Point Lepreau’s critical year

1 January 1998

Until a little more than a year ago, New Brunswick Power’s 680 MWe Candu reactor at Point Lepreau had maintained a world-beating performance record virtually since it began commercial operation in 1983. At the end of 1996, however, just about half way through its original design service life, steam generator level anomalies followed by a cracked pipe in the primary heat transport system set alarms ringing, and led to a year in which availability slumped.

Once the Point Lepreau Candu unit was back on line, it began to claw its way back to the top of Nuclear Engineering International’s lifetime performance tables, where it had seemed a fixture for so long. Plant availability has risen from zero, to 17.7% for the first three months of 1997, to 80% in the second quarter and finally to 100% over the June – September period.

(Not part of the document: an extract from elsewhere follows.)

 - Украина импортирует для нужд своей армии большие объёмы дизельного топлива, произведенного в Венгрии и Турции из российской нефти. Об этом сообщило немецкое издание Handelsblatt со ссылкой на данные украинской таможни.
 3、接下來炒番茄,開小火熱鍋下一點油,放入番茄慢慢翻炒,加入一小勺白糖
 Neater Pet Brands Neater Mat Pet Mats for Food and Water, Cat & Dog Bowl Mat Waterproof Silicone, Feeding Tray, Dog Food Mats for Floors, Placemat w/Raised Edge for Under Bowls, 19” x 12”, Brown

The series of problems at Point Lepreau arose at the end of an extended outage which included the checking of the positions of the garter springs that support the fuel channels inside the reactor, and which have been the subject of extensive checks and remedial measures on Candus since the issue first emerged over 15 years ago.

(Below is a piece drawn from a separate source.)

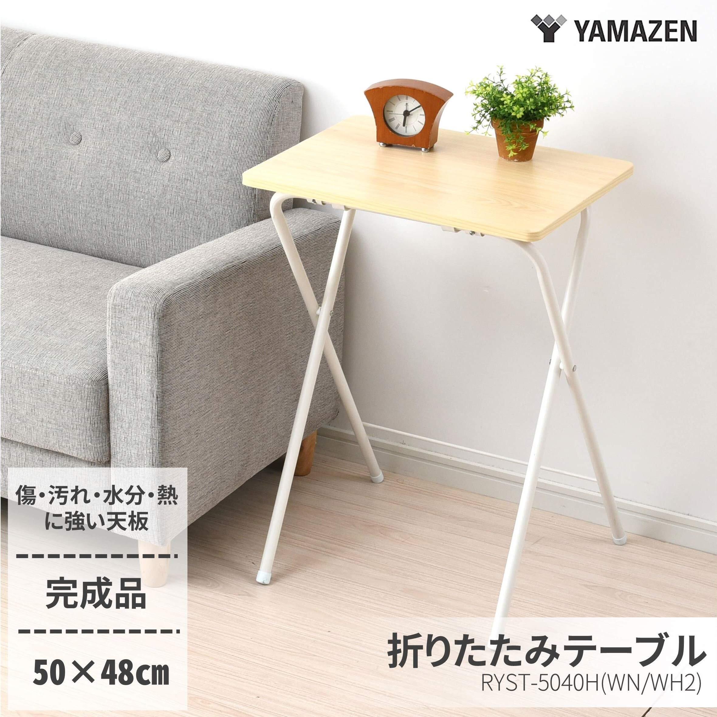 山善(YAMAZEN) テーブル ミニ 折りたたみ サイドテーブル 幅50×奥行48×高さ70cm ハイタイプ 傷・汚れ・水分・熱に強い天板(メラミン加工) なめらかな表面 角が丸い ウッドナチュラル/ホワイト RYST5040H(WN/WH2) 在宅勤務

The first of the recent problems, which concerned steam generators, was discovered in September 1996. The control computers and the shutdown systems, which are each fed with boiler level readings, were found to be showing an anomaly when the boiler level was controlled to just below the steam-separator support deck at reactor powers less than 14% on steam generator 3. As a result it was decided to examine the inside of the steam generator.

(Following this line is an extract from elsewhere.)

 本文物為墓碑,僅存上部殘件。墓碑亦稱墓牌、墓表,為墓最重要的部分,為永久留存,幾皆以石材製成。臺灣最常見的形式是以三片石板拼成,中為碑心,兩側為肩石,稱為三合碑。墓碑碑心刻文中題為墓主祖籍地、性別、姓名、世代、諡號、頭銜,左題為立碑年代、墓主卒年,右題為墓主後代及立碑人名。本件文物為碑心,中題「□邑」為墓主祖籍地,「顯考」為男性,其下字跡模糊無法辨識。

The inspection revealed that the emergency water supply (EWS) header (shown in figure) was damaged by flow-accelerated corrosion inside. The header crosses the steam generator above the tube bundle and is subject to high internal fluid flow rates. In addition, the distribution header thermal expansion joint pipe connector was distorted and had been displaced, but this was found to be an incidental problem to that causing the level anomalies.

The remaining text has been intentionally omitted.